__Task instructions__:
The full listing, exactly as written and with no images, is the expected output.

__Information shown__:
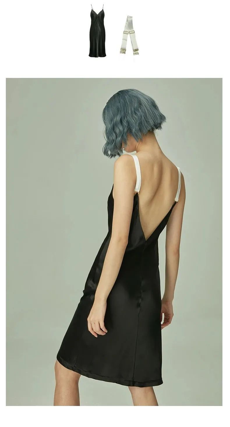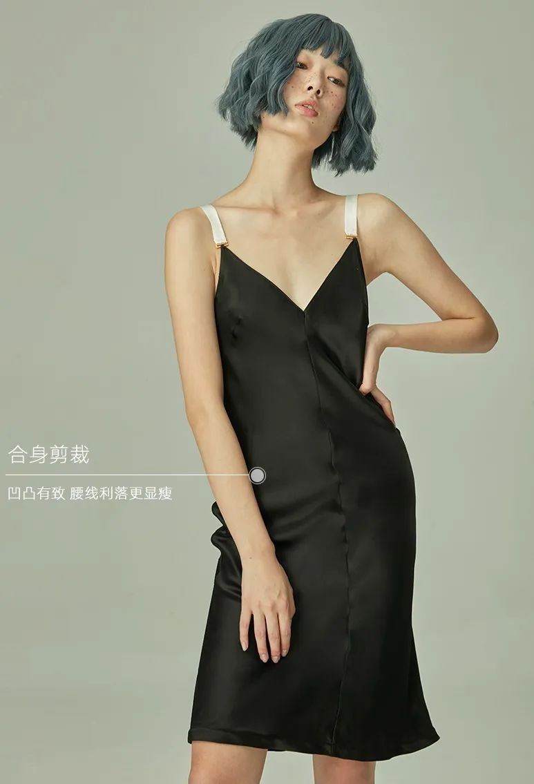 黑色睡裙+白宽肩带
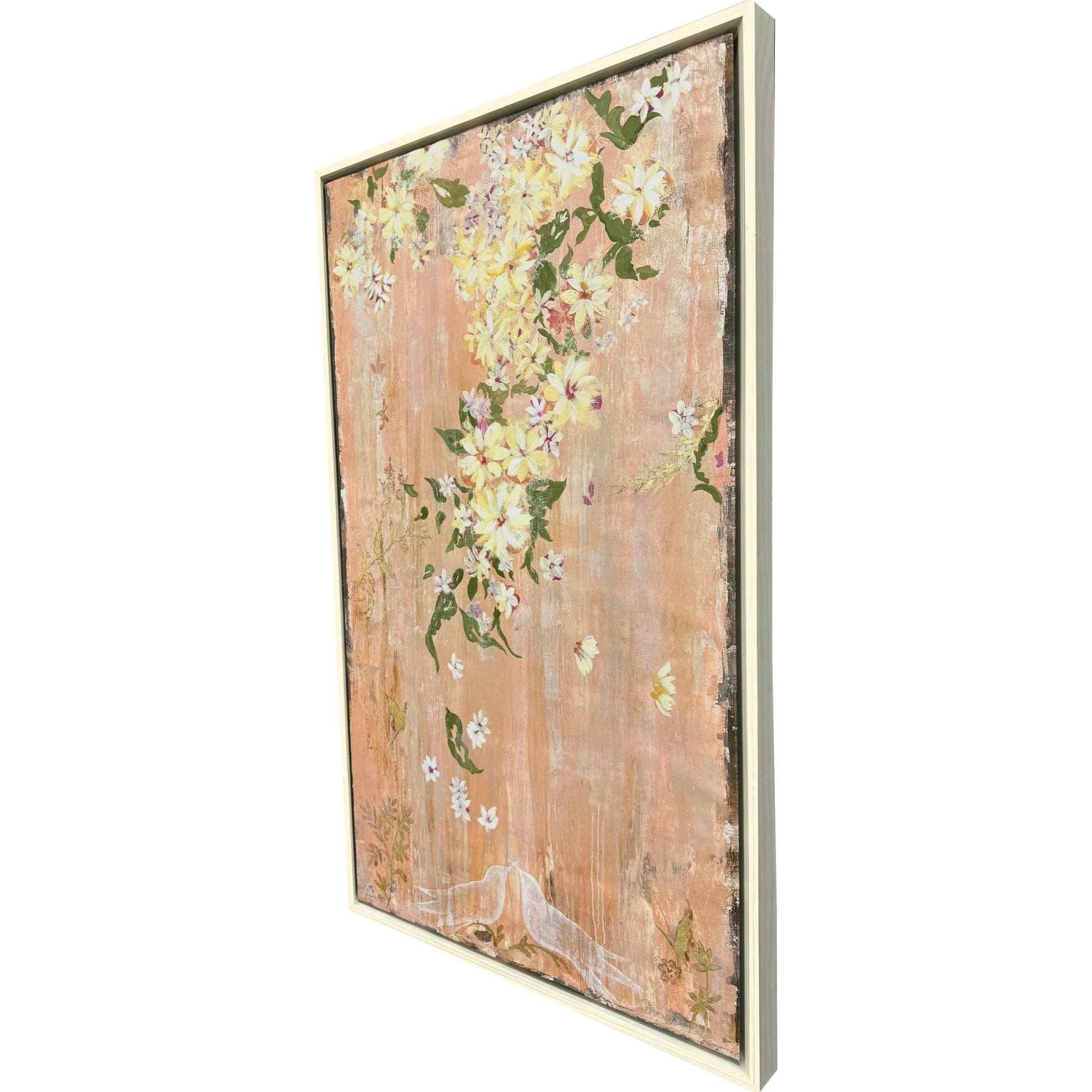 This artwork is presented in a vertical composition, hand-stretched and mounted in a whitewash wood floater frame that complements its transitional style. The lack of glass in the frame offers a more immersive viewing experience, allowing the vibrant colors and textures to stand out. The combination of canvas and wood materials ensures durability, making it a lasting addition to your home decor.
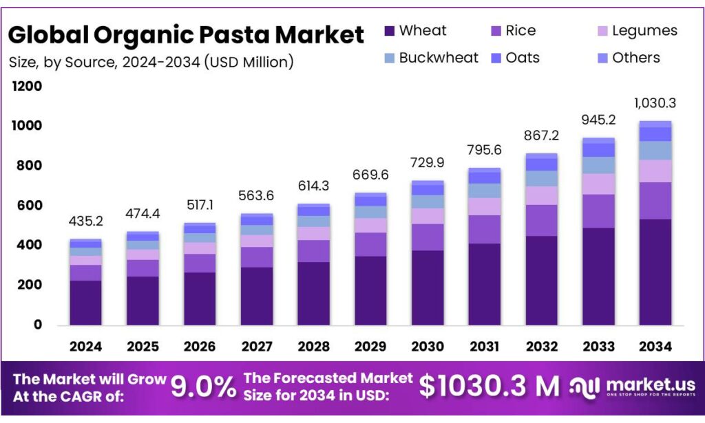 - Organic Pasta Market size is expected to be worth around USD 1030.3 Million by 2034, from USD 435.2 Million in 2024, growing at a CAGR of 9.0%.

__Solution below__:
 黑色睡裙+白宽肩带
 This artwork is presented in a vertical composition, hand-stretched and mounted in a whitewash wood floater frame that complements its transitional style. The lack of glass in the frame offers a more immersive viewing experience, allowing the vibrant colors and textures to stand out. The combination of canvas and wood materials ensures durability, making it a lasting addition to your home decor.
 - Organic Pasta Market size is expected to be worth around USD 1030.3 Million by 2034, from USD 435.2 Million in 2024, growing at a CAGR of 9.0%.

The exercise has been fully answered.